Je m'interromps à la vue de la ride du lion entre ses sourcils. Elly sort sa main du sceau de pop-corn et me pointe du doigt comme le ferait un canon de revolver. Son corps se penche légèrement.
Quel perroquet menaçant...
— Écoute-moi bien, Sawyer, parce que je ne le répéterai qu'une fois. Si je veux m'imaginer que tu étais dans un placard à balais tout étriqué, collée à son corps à damner un saint, crois-moi, tu ne pourras pas m'en empêcher ! Ça, c'était la première chose. Considère à présent que je t'ai laissé assez de temps sans intervenir. Il est urgent que l'on passe au plan Elly 2.0.
— Je peux savoir ce que manigance ton esprit machiavélique ?

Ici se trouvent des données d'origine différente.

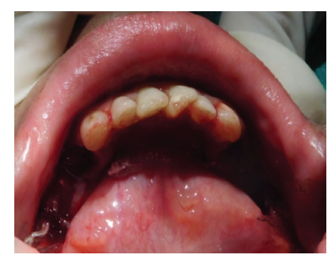
Figure 9 - Postoperative view of Mandibular arch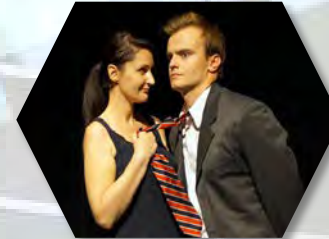
New Vintage Theatre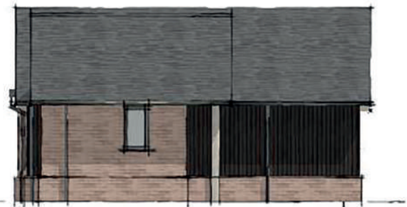
SIDE (SOUTH-EAST ELEVATION)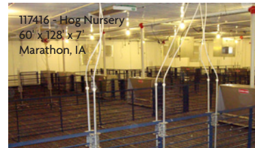
117416 - Hog Nursery 60' x 128' x 7' Marathon, IA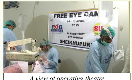
A view of operating theatre at Habib welfare hospital

Group of industries. Our journey started from in front of our college, where three buses in tip top condition were parked on time. We all got seated comfortably, the buses departed on 8:00 am and after passing through different areas of Lahore and crossing river Ravi, we arrived at POB Trust.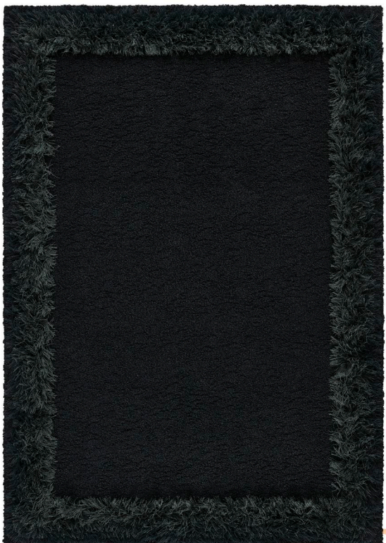
Rug 170x240 cm, Raven 502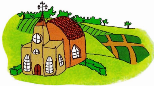
fields behind the church not near the river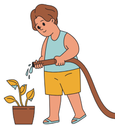
watering the plants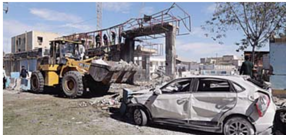
CHABAHAR, Iran: A general view of the scene of a car bombing in front of a police station in the city of Chabahar, in southern Iran. —AFP

In September, hundreds of workers walked off the job at Istanbul's new international airport in protest at poor conditions and work-related deaths on the site. Turkish authorities cracked down, arresting hundreds, according to labour unions. Most were released without charge, but some remained in prison. On Monday, opposition lawmaker Ali Seker said that the government had admitted that "at least 52 workers" have died on the site since construction began in 2015. —AFP

— À partir de maintenant, je serai ta styliste, ton coach en séduction, et chacun de tes gestes. Il veut te voir en maillot de bain ? On va lui soumettre ton corps de manière à ce qu'il n'arrive même plus à articuler un son. Tu lui rendras coup pour coup, chacun des battements de cœur perdu à cause de sa génétique indécente !

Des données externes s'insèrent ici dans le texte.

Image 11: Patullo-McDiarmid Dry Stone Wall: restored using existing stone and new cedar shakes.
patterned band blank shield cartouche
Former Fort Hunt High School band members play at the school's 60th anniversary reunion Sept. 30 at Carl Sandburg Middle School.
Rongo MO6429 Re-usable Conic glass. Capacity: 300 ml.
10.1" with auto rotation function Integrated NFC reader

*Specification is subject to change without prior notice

— Je dois lever le doigt pour parler ?
— Tu as trop parlé et tardé à agir ! s'exclame-t-elle, les bras levés au ciel. Putain, Arizona, c'est bien plus grave que ce que je pensais ! J'avais flairé que tu ne le laissais pas indifférent, mais là... Y a un truc entre vous qui vous dépasse. Tu ne peux pas laisser filer ça, c'est tellement rare de dénicher cette tension, ce courant électrique qui vous percute quand vous êtes ensemble ! Regarde-moi et dis-moi que tu ne veux pas la ressentir à nouveau, cette chaleur qui s'installe au creux de ton ventre et embrase jusqu'à la plus petite particule de ton être. Tu ressens cette étincelle en toi qui ne demande qu'à s'enflammer à son contact ? Parce qu'à l'instant même où je te parle, je la vois grandir dans tes yeux.
Je m'effondre sur le lit, un regard désemparé rivé au plafond. Je pourrais me convaincre qu'Elly a mangé trop de sucre, mais se serait réfuté une vérité accablante.
J'en désire plus.
Et ce sentiment me terrasse.
— Je ne suis pas comme toi, Elly, à foncer tête baissée sans me préoccuper des conséquences, murmuré-je. Pour moi, l'inconnu avec Can, ça me donne plutôt de l'urticaire, tu vois. Après tout, ce ne sont que des suppositions que l'on alimente par nos avis et nos hormones.
— Tu n'es pas seulement attiré par son physique, t'aime également ce qu'il réussit à provoquer chez toi. Tu te fatigues à te battre contre tes sensations, alors que c'est justement sa capacité à bousculer ta stabilité qui te plaît. De ce que tu me dis, son oncle s'en amuse. Qu'est-ce qui le retient maintenant ? Et en admettant que l'on ne soit sûr de rien, va chercher les réponses et soit fixée sur ton sort.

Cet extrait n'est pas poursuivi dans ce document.